Selective coupling of α₂-adrenergic receptor subtypes to cyclic AMP-dependent reporter gene expression in transiently transfected JEG-3 cells

A cAMP-dependent reporter gene has been used in transiently transfected human choriocarcinoma (JEG-3) cells to examine the second messenger coupling of the human α₂-adrenergic receptor subtypes. The reporter gene consists of a cAMP response element linked to the gene for chloramphenicol acetyltransferase (CAT). Plasmids encoding the α₂-C10 (α_2A), α₂-C2 (α_2B), or α₂-C4 (α_2C) receptor subtypes were co-transfected with a plasmid containing the reporter gene, and the ability of α₂ receptor agonists to influence forskolin-stimulated CAT expression was examined. For α₂-C10, agonists had a biphasic effect on forskolin-stimulated CAT expression. Thus, low (nanomolar) concentrations of agonist inhibited CAT expression by ∼60%, whereas high (micromolar) concentrations reversed this inhibition and could even potentiate CAT expression by as much as 140%. A significantly different pattern of coupling was observed for the other α₂ receptor subtypes. For α₂-C4, agonists only inhibited forskolin-stimulated CAT expression, whereas for α₂-C2 only potentiation of expression was seen. Each of these responses was specifically blocked by α₂- but not α₁- or β-adrenergic receptor antagonists.
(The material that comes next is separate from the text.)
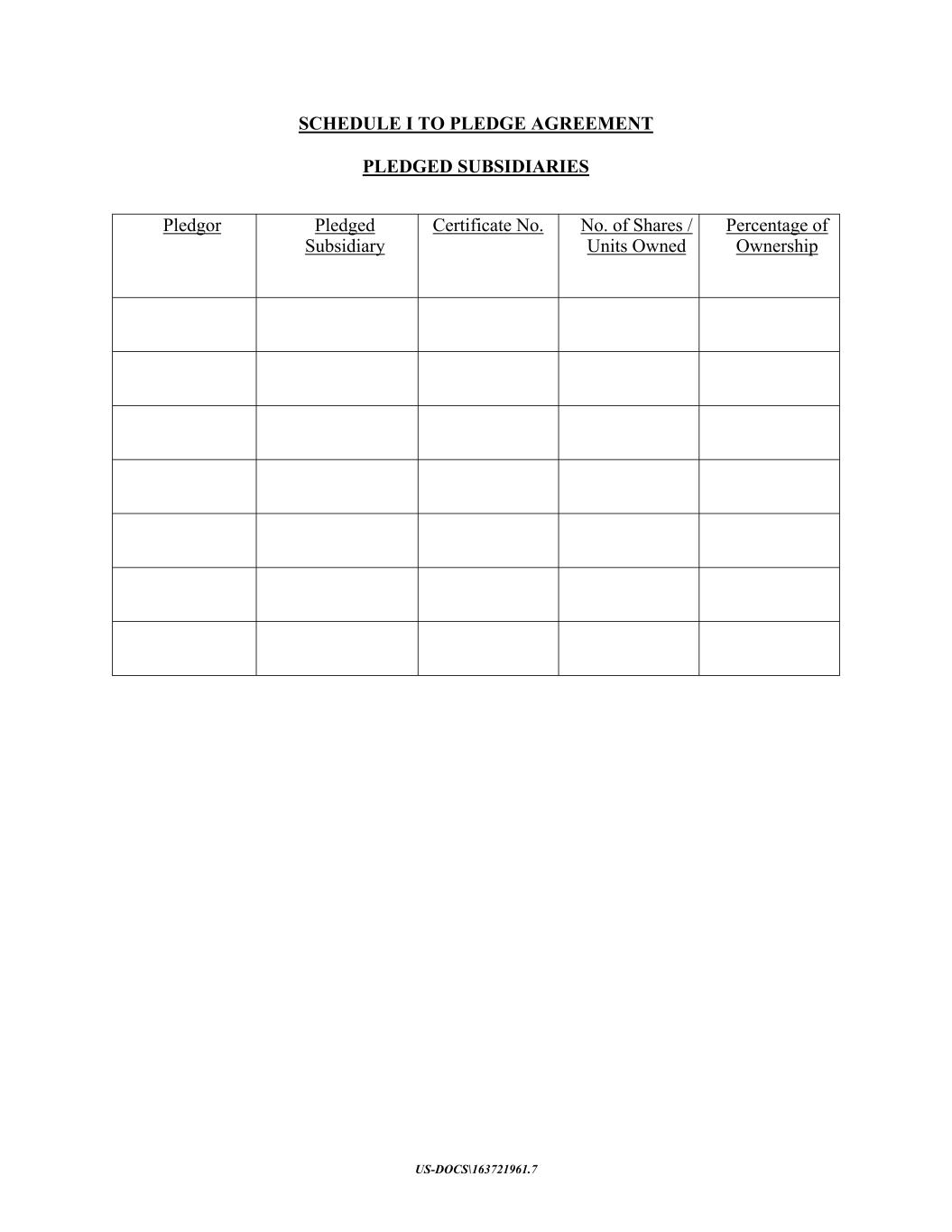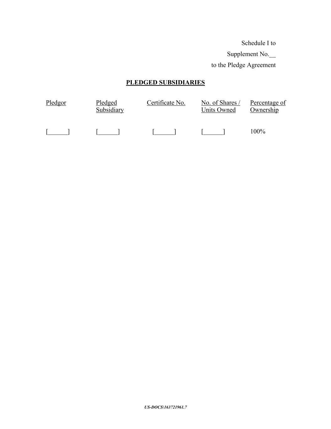 US-DOCS\163721961.7 Schedule I to Supplement No.__ to the Pledge Agreement PLEDGED SUBSIDIARIES Pledgor Pledged Subsidiary Certificate No. No. of Shares / Units Owned Percentage of Ownership [______] [______] [______] [______] 100%

For α₂-C4, the inhibition of forskolin-stimulated CAT expression was prevented by pretreatment of the cells with pertussis toxin. This was also true for the inhibition obtained with α₂-C10. The potentiation of CAT expression, however, was not prevented by pertussis toxin pretreatment in cells transfected with either α₂-C2 or α₂-C10. In this transient expression system, each α₂-adrenergic receptor subtype had access to the same complement of G proteins, adenylyl cyclase, and other second messengers. It would appear, therefore, that the potential for the activation of unique intracellular responses exists even among closely related receptor subtypes.